Reception to the first two leaflets is mixed. Georg Schwarz hands his copies over to the Gestapo and tells Hans Scholl he has done so. Werner Bergengruen and his wife type and mail leaflets, with Bergengruen depositing them in as many different mailboxes as possible.
Manfred Eickemeyer is pleased that Alex used his data about murders in Poland, but he tells Hans Scholl they should have been more specific and included damning facts.
Willi Graf begins his July with a good conversation with his friend Adalbert Grundel (Bertl), but is surprised that a frank discussion leaves him unsettled.
News from the Russian front - that Germany has taken Sevastopol - disturbs friends in the circle. They love their country, but they cannot reconcile that with their desire that Germany will lose the war.
Werner Scholl is now on the Eastern Front, while his best friend Otl Aicher is part of Hitler’s Operation Blue, out to capture oilfields of Baku.
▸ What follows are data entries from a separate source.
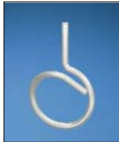
Non-Threaded #8 Wire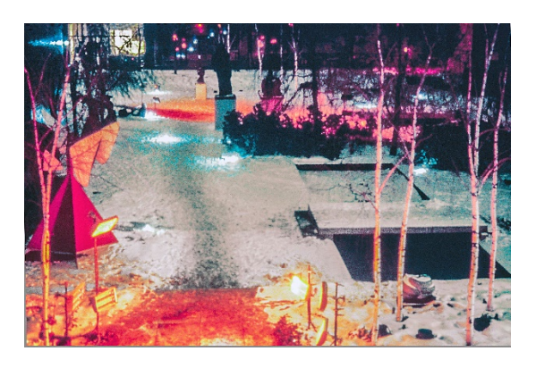
Pulsa, Sculpture Garden installation for Spaces , 1970, The Museum of Modern Art, New York. From the 2019 individual grant to Larry D. Busbea for The Responsive Environment: Design, Aesthetics, and the Human in the 1970s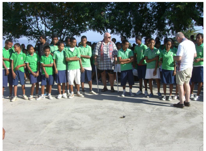
Nunira students at Laga Secondary School (St. Anthony)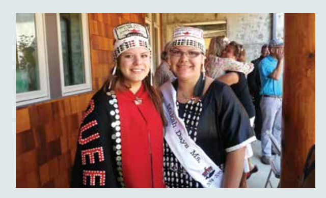
Enterprise Community Loan Fund provided the Makah Tribe with predevelopment financing to create 21 permanently affordable homes for formerly homeless families and individuals on tribal land.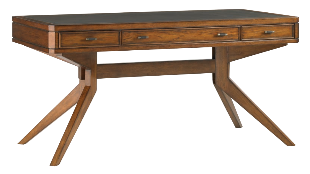
279LK-410 Lido Shores Desk 60W x 31D x 30H in.

The casual yet sophisticated styling of Longboat Key is born of clean contemporary lines, bold architectural details, and a warm sundrenched Sienna finish. Crafted from Hickory veneers, designs feature distinctive metal accents and custom brass hardware wrapped with faux leather.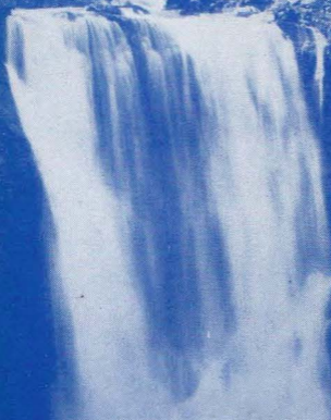
DAWN MIST FALLS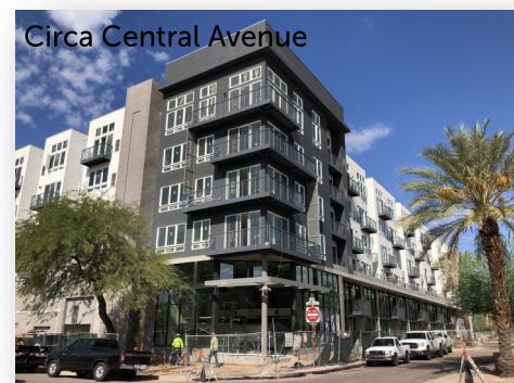
Circa Central Avenue

A joint venture between Ryan Companies, Hunt Investment and Tilton Development, Circa Central Avenue is a 5-story, 220-unit mixed-use residential and live-work space on the north-east corner of Central and Willetta St. Construction completed in January 2019. Now leasing.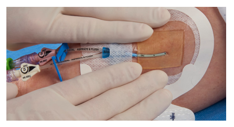
3. Be careful not to stretch the dressing at placement. Apply firm pressure to the entire dressing starting over the gel pad to enhance adhesion.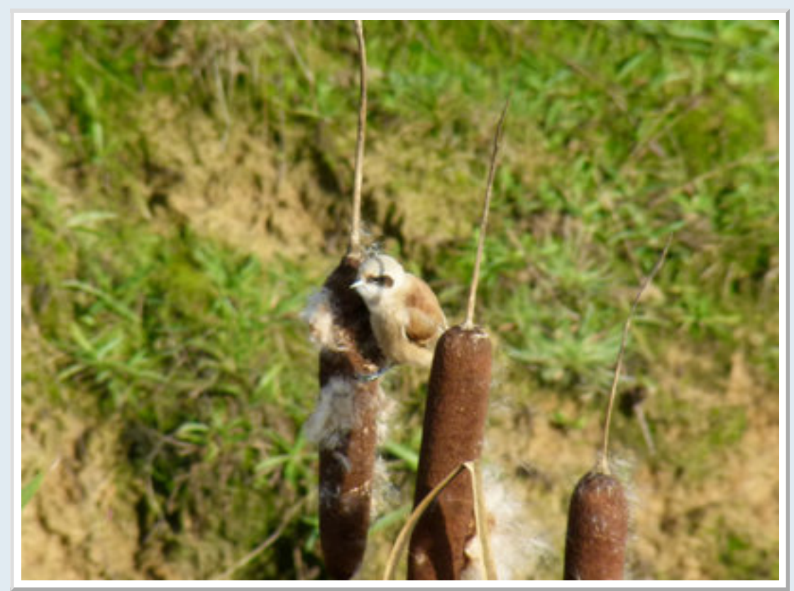
Penduline Tit at Oare Marsh.

Otl feels immense personal guilt as they move through battlegrounds where he sees wheat fields, horses, vehicles, and cadavers flattened thin as paper by German tanks. It is as if he has sinned. He decides to memorize every face and remember what he is seeing. [In 2024, Baku is in Azerbaijan.]
The Russian military is ready for their assault and traps Otl’s unit in an area from which a hasty retreat is impossible. Otl muses that they are not “retreating.” Rather, they are “turning around,” since Hitler’s army does not retreat.
Why This Matters:
The politics of oil. Enough said.
The four students - Hans Scholl, Sophie Scholl, Alexander Schmorell, and Christoph Probst - kept working, even though they saw no results and received little positive feedback. Their desire to overcome injustice exceeded their discouragement.
What do you do when you are working for social justice and see little to no change resulting from your efforts? At what point should you tweak your work - as Manfred Eickemeyer suggested they become more specific and present more facts - and at what point do you simply carry on?
This applies to more than social justice, that is, political causes. It’s equally at home in business ethics, how you treat your neighbors, or caregiving for a loved one with dementia.
What other applications do you see for the notion of “keep going” in your life?
White Rose History, Volume II, pages 94-96.